● **ASSIGNMENT**
Every line from the one holding "分镜 6:河岸边茶馆酒肆,幌" through the one holding "要说这几天,GitHub上star涨得最快的项目莫过于996.ICU了" in the data below must be returned exactly, both ends included, with pictures left out and nothing else added.

==*==

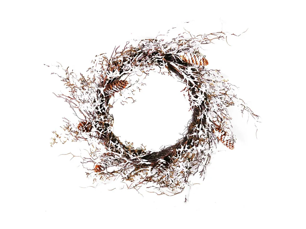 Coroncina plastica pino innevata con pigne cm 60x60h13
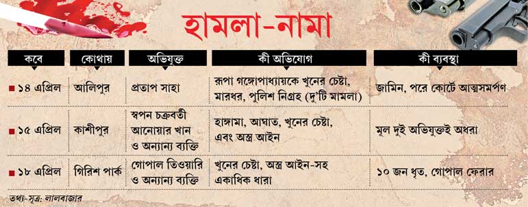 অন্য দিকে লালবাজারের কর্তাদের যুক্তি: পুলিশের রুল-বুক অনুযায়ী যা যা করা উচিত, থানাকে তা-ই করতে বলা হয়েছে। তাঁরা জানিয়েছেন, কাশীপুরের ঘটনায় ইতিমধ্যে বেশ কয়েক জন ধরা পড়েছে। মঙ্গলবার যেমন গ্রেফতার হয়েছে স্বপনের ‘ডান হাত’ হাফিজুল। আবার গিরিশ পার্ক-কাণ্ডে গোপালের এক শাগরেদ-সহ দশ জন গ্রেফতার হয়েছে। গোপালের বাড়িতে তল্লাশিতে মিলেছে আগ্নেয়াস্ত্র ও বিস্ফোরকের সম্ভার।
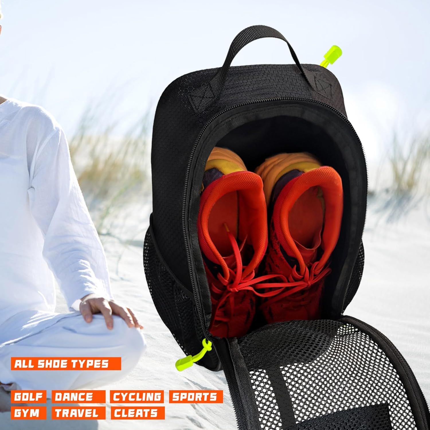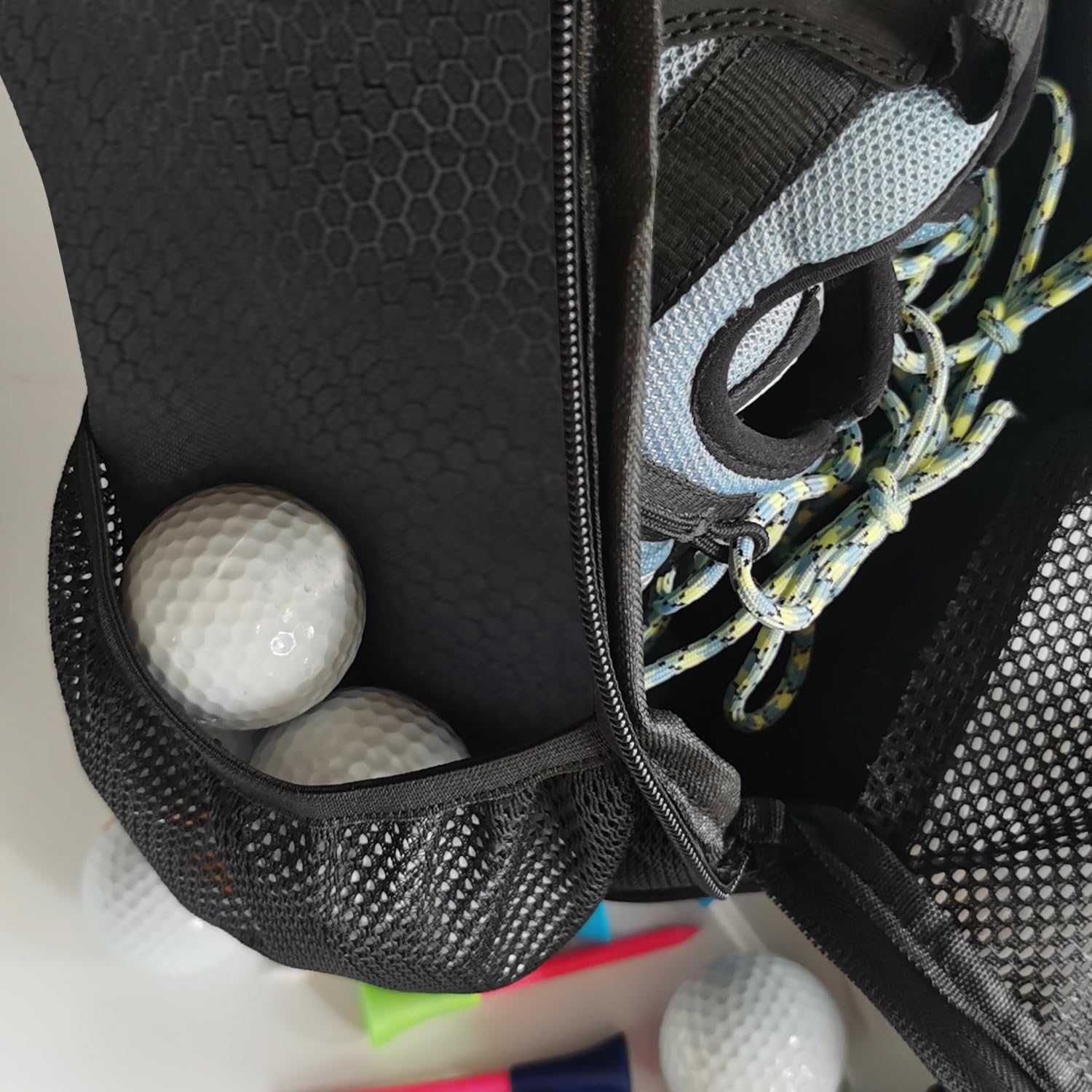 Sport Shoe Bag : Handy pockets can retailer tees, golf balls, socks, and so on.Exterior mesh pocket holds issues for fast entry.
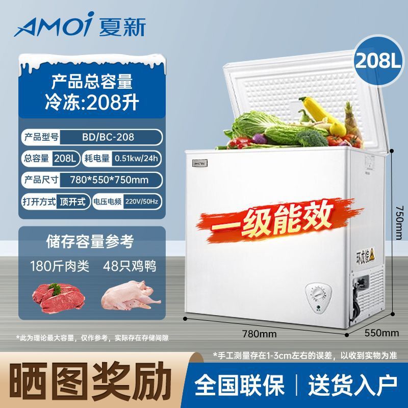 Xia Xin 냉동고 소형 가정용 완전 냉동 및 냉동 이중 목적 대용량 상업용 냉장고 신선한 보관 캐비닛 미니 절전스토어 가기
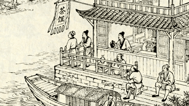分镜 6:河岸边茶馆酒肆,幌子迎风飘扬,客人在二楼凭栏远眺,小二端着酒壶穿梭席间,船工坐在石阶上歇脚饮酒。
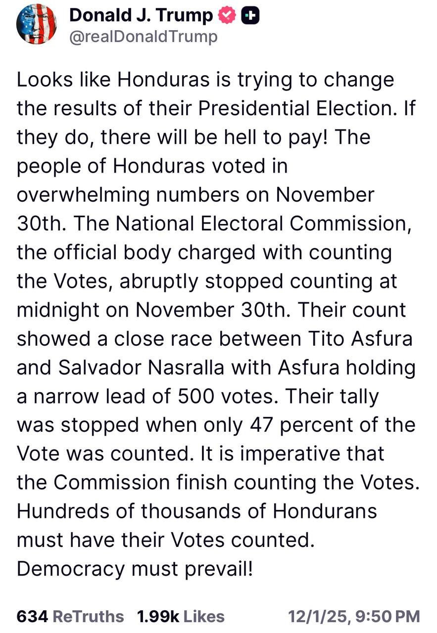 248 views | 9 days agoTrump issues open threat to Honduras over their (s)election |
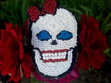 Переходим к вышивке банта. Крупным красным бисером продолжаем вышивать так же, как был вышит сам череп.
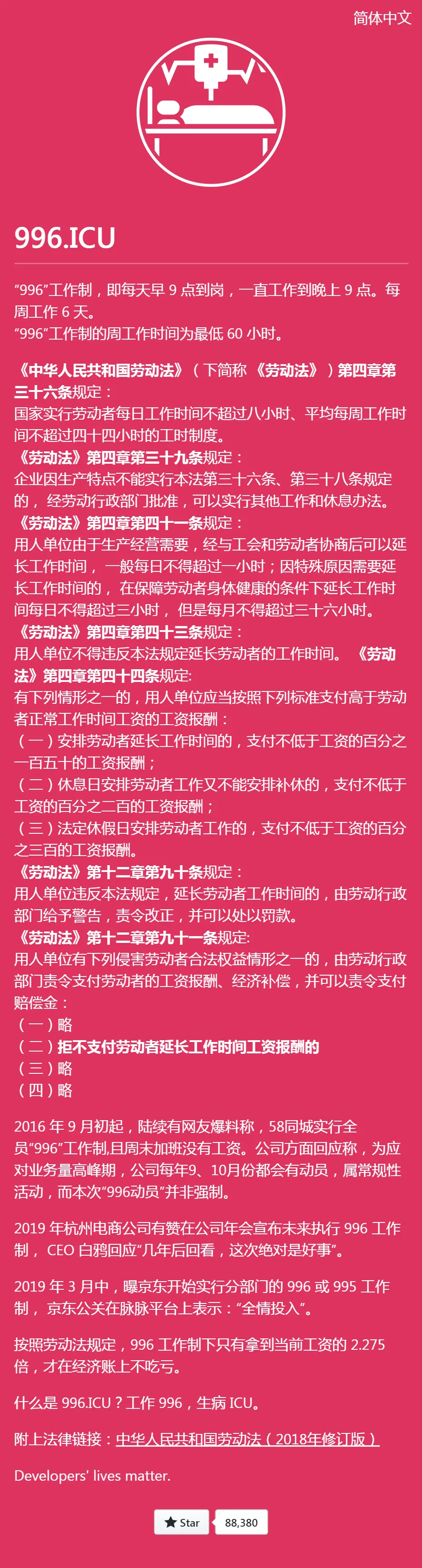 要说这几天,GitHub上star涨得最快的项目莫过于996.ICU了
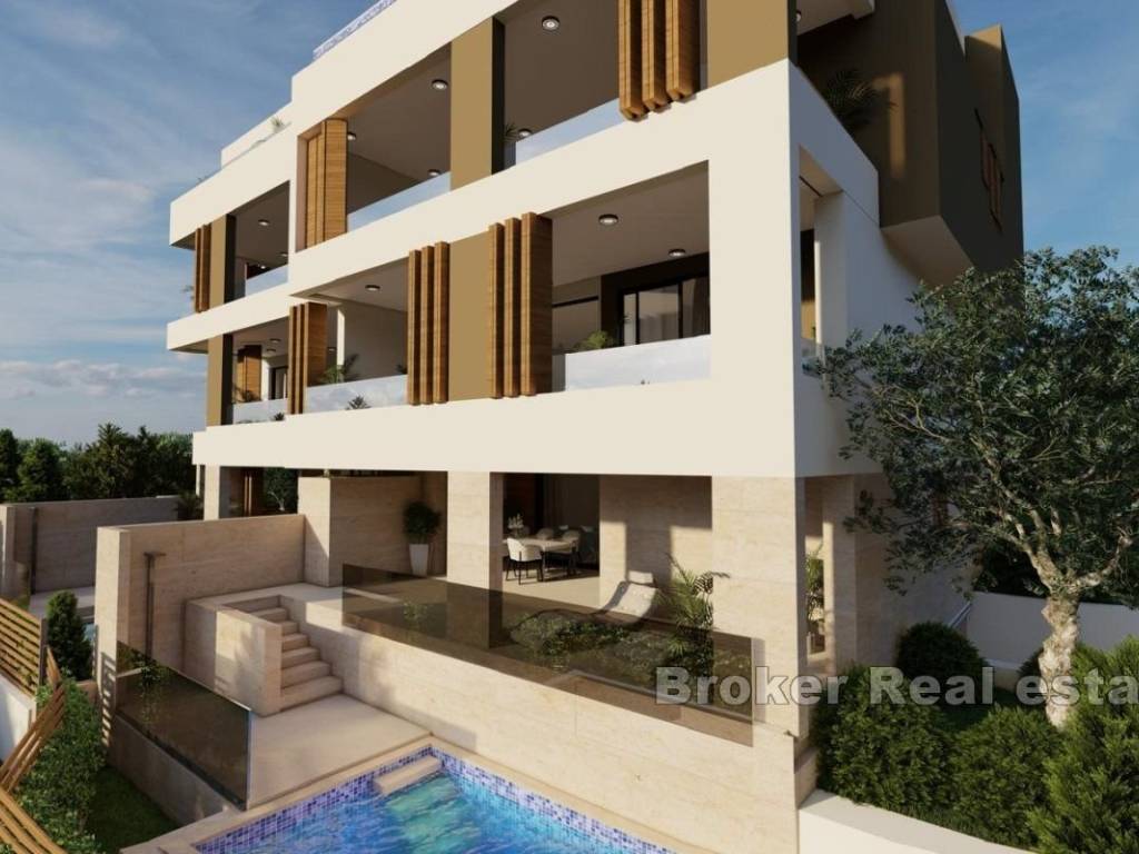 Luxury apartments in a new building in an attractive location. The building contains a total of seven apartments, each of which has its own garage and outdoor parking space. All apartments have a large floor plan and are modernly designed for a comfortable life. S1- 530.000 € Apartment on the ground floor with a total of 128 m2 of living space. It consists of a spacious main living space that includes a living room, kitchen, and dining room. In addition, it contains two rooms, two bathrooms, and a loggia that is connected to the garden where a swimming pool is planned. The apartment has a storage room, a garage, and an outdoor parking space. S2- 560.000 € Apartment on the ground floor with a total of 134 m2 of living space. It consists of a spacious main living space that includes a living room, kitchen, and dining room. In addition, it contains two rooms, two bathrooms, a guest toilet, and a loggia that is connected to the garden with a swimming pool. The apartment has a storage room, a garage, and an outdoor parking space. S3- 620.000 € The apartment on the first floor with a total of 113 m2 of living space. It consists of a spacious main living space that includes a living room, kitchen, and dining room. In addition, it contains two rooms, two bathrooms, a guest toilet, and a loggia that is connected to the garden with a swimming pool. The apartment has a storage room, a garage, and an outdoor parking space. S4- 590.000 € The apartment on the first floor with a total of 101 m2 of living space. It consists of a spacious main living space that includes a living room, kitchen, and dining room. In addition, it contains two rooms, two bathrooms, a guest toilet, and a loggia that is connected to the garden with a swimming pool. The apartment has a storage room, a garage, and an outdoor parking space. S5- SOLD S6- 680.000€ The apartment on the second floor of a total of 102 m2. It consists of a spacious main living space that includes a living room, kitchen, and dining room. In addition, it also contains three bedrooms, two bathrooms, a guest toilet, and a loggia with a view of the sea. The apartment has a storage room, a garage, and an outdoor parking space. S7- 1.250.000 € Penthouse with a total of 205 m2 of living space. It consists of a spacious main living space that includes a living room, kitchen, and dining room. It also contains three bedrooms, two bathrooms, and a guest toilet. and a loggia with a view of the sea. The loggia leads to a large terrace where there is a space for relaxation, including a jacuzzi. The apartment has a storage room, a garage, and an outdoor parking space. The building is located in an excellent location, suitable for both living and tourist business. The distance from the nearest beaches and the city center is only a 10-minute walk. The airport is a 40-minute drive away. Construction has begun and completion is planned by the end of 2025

==*==

● **WRITTEN ANSWER**
分镜 6:河岸边茶馆酒肆,幌子迎风飘扬,客人在二楼凭栏远眺,小二端着酒壶穿梭席间,船工坐在石阶上歇脚饮酒。
 248 views | 9 days agoTrump issues open threat to Honduras over their (s)election |
 Переходим к вышивке банта. Крупным красным бисером продолжаем вышивать так же, как был вышит сам череп.
 要说这几天,GitHub上star涨得最快的项目莫过于996.ICU了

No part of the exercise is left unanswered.